The placing of lighthouses on conspicuous headlands, the lighthouse themselves being placed in a conspicuous position, and painted so as to be readily visible from seaward (depending on their background), enabled the mariner to ascertain his position within a matter of yards, and by means of other techniques to avoid hazards such as shoals, etc.

In England and Wales, the statutory authority for navigation lights of all sorts is the Corporation of Trinity House, which dates back to 1514, and built its first lighthouse in 1609, while the first recognisable lighthouse off the coasts of Great Britain in 1698 was on the Eddystone Rocks off Plymouth.
So, in hymning the coastwise lights, Kipling was recognised the part they played in ensuring the safe passage of both people and goods, to England’s great profit.

See also “The Disturber of Traffic”, in Many Inventions, about a light-house keeper in East Indian waters, who is driven crazy by loneliness and the relentless passage of the ships to and fro.

Notes on the Text

[Verse 1]

skerry: a rocky reef in the sea.

ness: a promontory or cape

voe: a bay or inlet.

These three words are of Nordic origin, and in strict fact, were not very likely to be found being guarded by an English light – ‘skerry’ and ‘voe’ do not occur in the British Isles outside Scottish waters, though ‘ness’ does, for example, Orfordness, in East Anglia.

[Verse 2]

on the lineless level floors: not a very clear phrase: it is assumed that the poet means a flat calm. ‘Floors’ is an unusual word to use of the sea.

Through the yelling Channel tempest when the siren hoots and roars: this is poetic licence: one sounds the siren in conditions of fog which is more usually associated with calm, than with a tempest.

By day the dipping house flag and by night the rocket’s trail:  Lighthouses very often had a signal station run by Lloyds, the insurance agents, and ships would signal their presence by using their house flag, or a rocket at night.
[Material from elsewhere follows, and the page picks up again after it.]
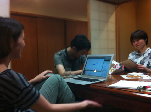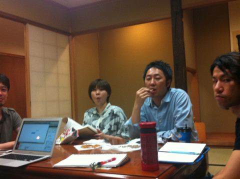和室 和室で打ち合わせするときは、たいていおやつを持ち寄ってしまいます。 今日も、申し合わせたようにひとりいっこずつ食べものをもってきました。 焼きそば味のベビースター、干し納豆、チーズ鱈、あんこのパン‥‥。 テーブルにティッシュを敷いて分け合う精神です。 おやつをつまみつつではありますが、話し合いは順調に進んでおります。 ちなみにこれら写真は、わたくし、座り位置から移動することなく、そのまま上体をそらし、腹筋を駆使して撮影いたしました。 1枚目の写真でみんなが微妙な表情をしているのは、そのためです。 2012/05/23 19:30 |
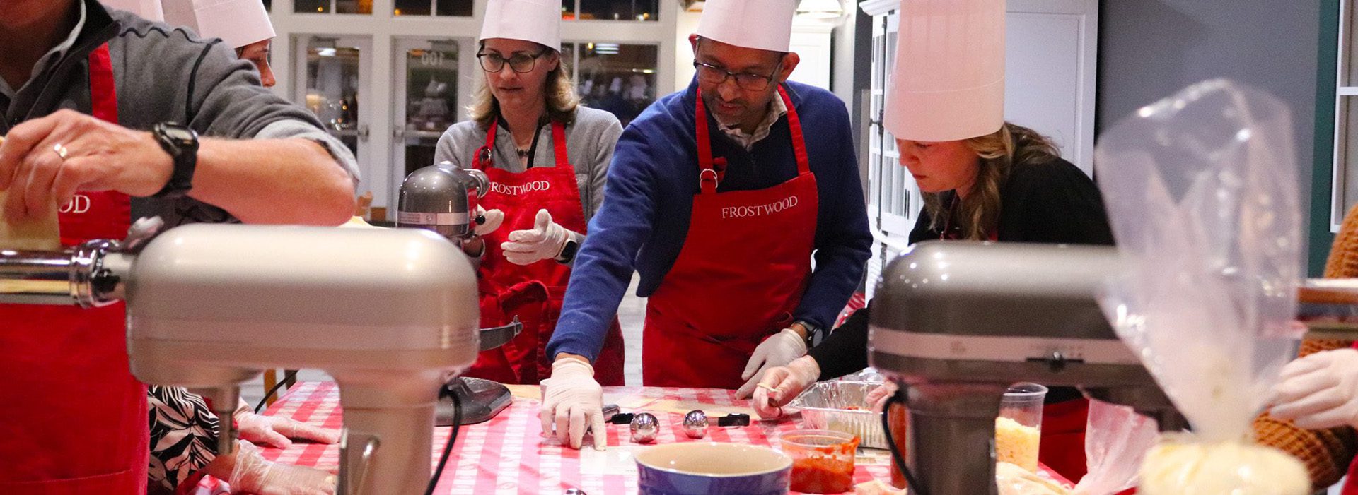 For a fun team building event, we offer our popular Lasagna-making Give Back program, which you can add onto any of our events. With instruction from our culinary team, you will work in teams and learn how to make pasta sheets, cheese filling, and then assemble a lasagna. The finished lasagnas, each providing a meal for eight people, will be delivered to a local food pantry. You will receive a tax donation from that food pantry.

In the days before wireless, this was the only way a shipowner would know of the imminent safe arrival of his ship.

[Verse 3]

The flash that, wheeling inland: Each individual lighthouse shows its light in its own individual manner, making one, two three or four flashes at a set interval; or shining the whole time, with one to four dark intervals (known as an ‘occulting’ light) at a set interval. The mechanism for making this pattern is that a lens, or lenses, behind the light is made to rotate at such a speed as to create that pattern of flashes. The effect is that the beam sweeps round a 360° arc, sweeping over the countryside behind the lighthouse.

[Verse 4]


the clippers, wing-and-wing again: This is also a bit of poetic licence. The tea-clippers had indeed raced home from China, each one striving to reach London first, with the first of the new season’s crop; and there are some marvellous paintings of them surging up the Channel with all their sails set, with a following breeze.

But the opening of the Suez Canal in 1869, put paid to the tea races: a steamer could make a faster passage from such ports as Foochow (the main tea-loading port) than any sailing vessel could do, so the clippers, such ships as Cutty Sark, Taiping, Ariel, Thermopylae had to earn their freight carrying wool from Australia (line 1 ‘that race the Southern wool’).

Wool wasn’t so time sensitive, and though some marvellous passages were made – 90 days from Melbourne to London, east-about round Cape Horn – the days of racing, literally, as had occurred each summer from about 1855 to 1870 were long gone by the 1890s when the poem was written. There were still full-rigged sailing ships, making commercial voyages until 1914, and in much smaller numbers until 1939.

See The Bird of Dawning; the fortunes of the sea by John Masefield, and The Last Grain Race by Eric Newby.

{The rhyming of ‘wool’ and ‘Hull’ is not. perhaps, one of Kipling’s best examples of rhyming!)

The white wall-sided warships: splendidly alliterative, but inaccurate. Kipling is describing the fleet as he would have seen it in Hong Kong and Simons Town – but not in Home waters where the ships had black hulls.

[Verse 5]

the guardports of the Morn from the orient:  The sun rises in the east – rather a high-flown analogy.


O gipsies of the Horn!:  Cape Horn, the southern tip of the South American continent, was still a major sea lane for traffic from the west coast of the Americas – the Panama Canal did not open until 1914.

Swift shuttles of an Empire’s loom that weave us main to main:  a very apt metaphor, when one considers how much British trade consisted of woven materials – cotton from the mills of Lancashire, wool (that same wool brought from Melbourne by the last sailing ships) from the mills of Yorkshire going out again as finished cloth. Kipling has the meat of the matter in this verse: the Empire was held together by ships and trade.

[Verse 6]

by silence shall ye speak: the very fact that the ships have arrived safely is testimony to the efficacy of the coastwise lights in the infrastructure of the Empire.